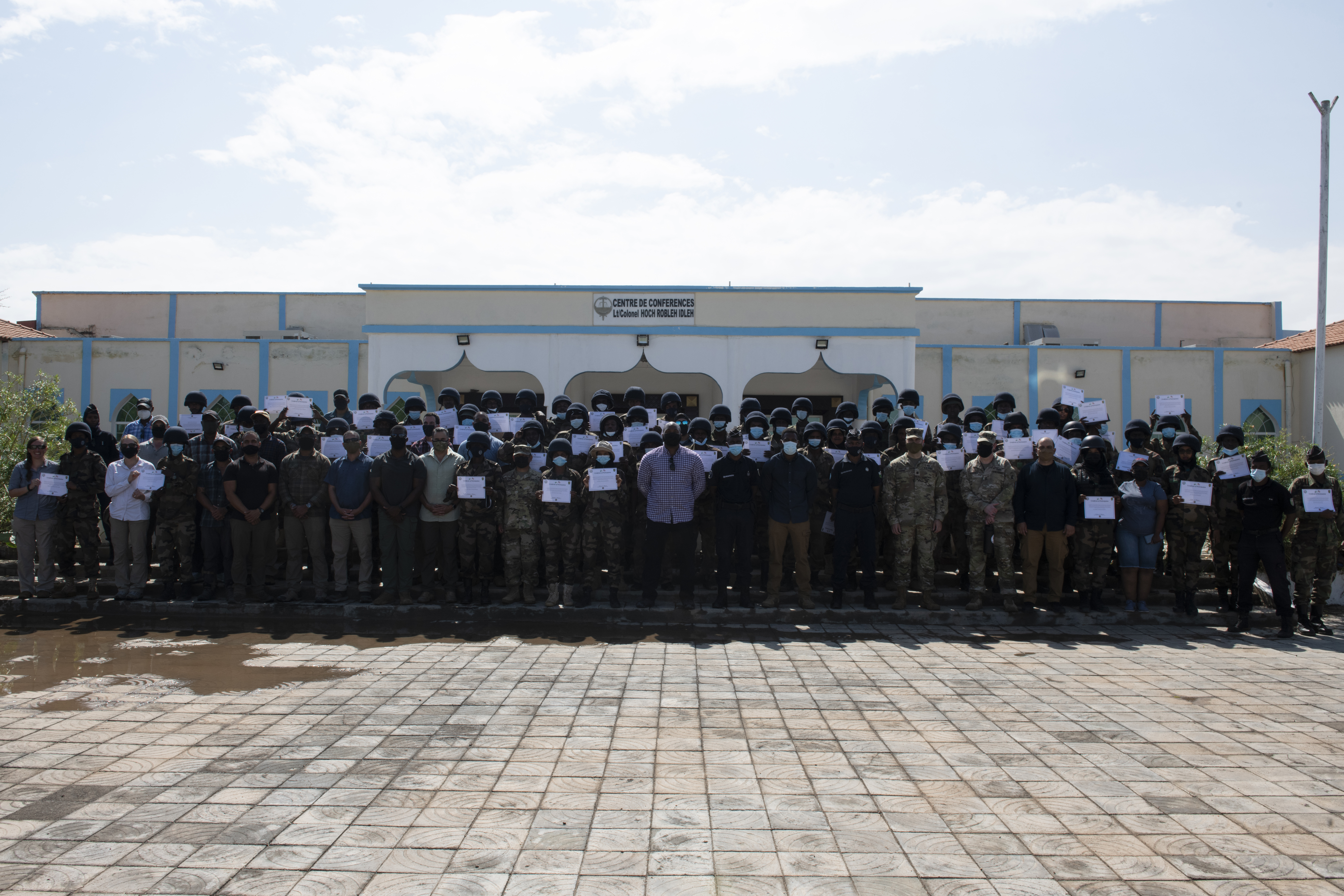 Members of the Djiboutian Gendarmerie are pictured with U.S. service members from Combined Joint Task Force-Horn of Africa following a medical knowledge exchange at the Gendarmerie compound in Djibouti City, Djibouti, Jan. 17, 2022. Civil Affairs Soldiers from Combined Joint Task Force – Horn of Africa partnered with the Gendarmeries at their mobile unit for a four-day event which allowed both parties to share their medical practices and tactics through educational comparisons and hands-on practical application. CJTF-HOA, operating from Camp Lemonnier, Djibouti, regularly trains with and works alongside allied and partner nations, coalition forces and interagency/intergovernmental organizations to achieve a unified effort in East Africa. (U.S. Air Force photo by Tech. Sgt. Lynette M. Rolen)
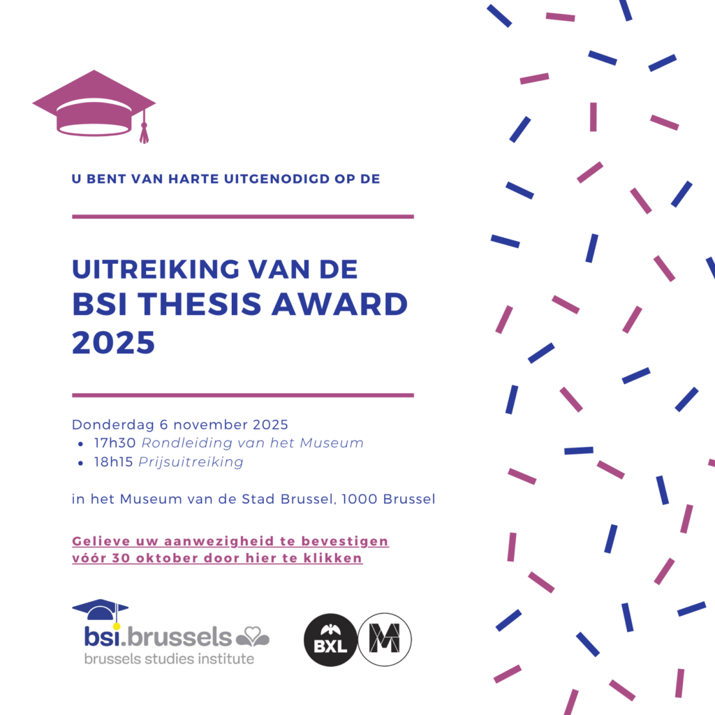 Het Brussels Studies Institute heeft het genoegen u uit te nodigen voor de uitreiking van de BSI Thesis Award 2024. Naar jaarlijkse gewoonte lanceerde het BSI in de maand januari 2025 een oproep tot kandidaturen voor deze prijs die een uitstekende scriptie over Brussel beloont.
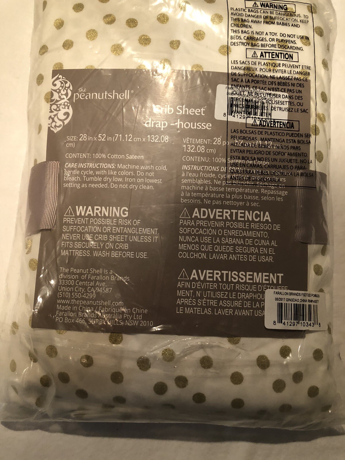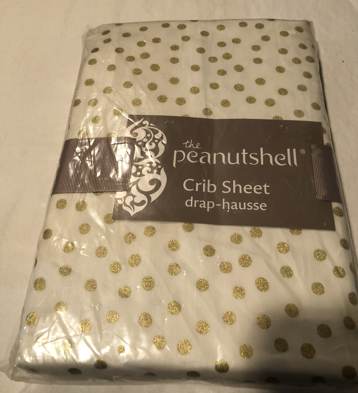 Peanut Shell Fitted Crib Sheet - White - Gild Polka Dots NWT 100 Cotton
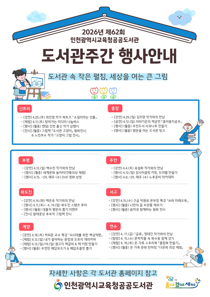 [인천=문찬식 기자] 인천광역시교육청 공공도서관은 제62회 도서관주간을 맞아 4월 한 달간 ‘도서관 속 작은 펼침, 세상을 여는 큰 열림’을 주제로 다양한 독서문화행사를 운영한다.
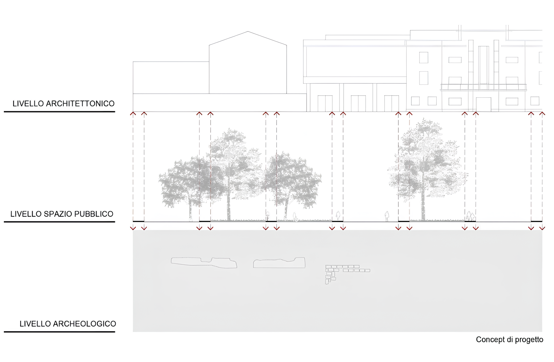 Il progetto paesaggio va a pari passo con il progetto architettonico e si fonda sulla valorizzazione del territorio e delle sue peculiarità come la presenza di edifici di valenza storica-culturale e le presenze archeologiche nel sottosuolo. SI è scelto di sfruttare questa stratificazione per concepire l’area su tre differenti livelli: uno ipogeo, dei resti archeologici; uno in alzato, degli edifici oggetto di intervento e la loro rifunzionalizzazione; e uno intermedio, sul quale agisce il progetto di paesaggio e che si apre ad una possibile esplorazione dello spazio in maniera verticale (dall’alto al basso) oltre che, in quanto passaggio privato e in parte pubblico, alla sua naturale vocazione di “attraversabilità” orizzontale.
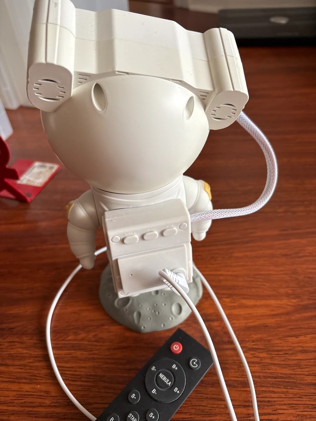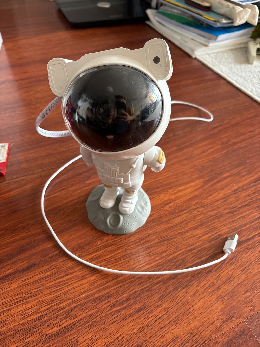 444I'm selling an astronaut-shaped galaxy projector night light. It's in great condition and would be perfect for a kid's room or anyone who loves space! It projects stars and nebulas, creating a relaxing atmosphere. It also comes with a remote control for easy adjustments
════════════════════
▶ _Your instructions_
Up to and including the line with "[인천=문찬식 기자] 인천광역시교육청", repeat every line from the top of the entries exactly, but not the pictures.

▶ _Solved problem_
 Members of the Djiboutian Gendarmerie are pictured with U.S. service members from Combined Joint Task Force-Horn of Africa following a medical knowledge exchange at the Gendarmerie compound in Djibouti City, Djibouti, Jan. 17, 2022. Civil Affairs Soldiers from Combined Joint Task Force – Horn of Africa partnered with the Gendarmeries at their mobile unit for a four-day event which allowed both parties to share their medical practices and tactics through educational comparisons and hands-on practical application. CJTF-HOA, operating from Camp Lemonnier, Djibouti, regularly trains with and works alongside allied and partner nations, coalition forces and interagency/intergovernmental organizations to achieve a unified effort in East Africa. (U.S. Air Force photo by Tech. Sgt. Lynette M. Rolen)
 Het Brussels Studies Institute heeft het genoegen u uit te nodigen voor de uitreiking van de BSI Thesis Award 2024. Naar jaarlijkse gewoonte lanceerde het BSI in de maand januari 2025 een oproep tot kandidaturen voor deze prijs die een uitstekende scriptie over Brussel beloont.
 Peanut Shell Fitted Crib Sheet - White - Gild Polka Dots NWT 100 Cotton
 [인천=문찬식 기자] 인천광역시교육청 공공도서관은 제62회 도서관주간을 맞아 4월 한 달간 ‘도서관 속 작은 펼침, 세상을 여는 큰 열림’을 주제로 다양한 독서문화행사를 운영한다.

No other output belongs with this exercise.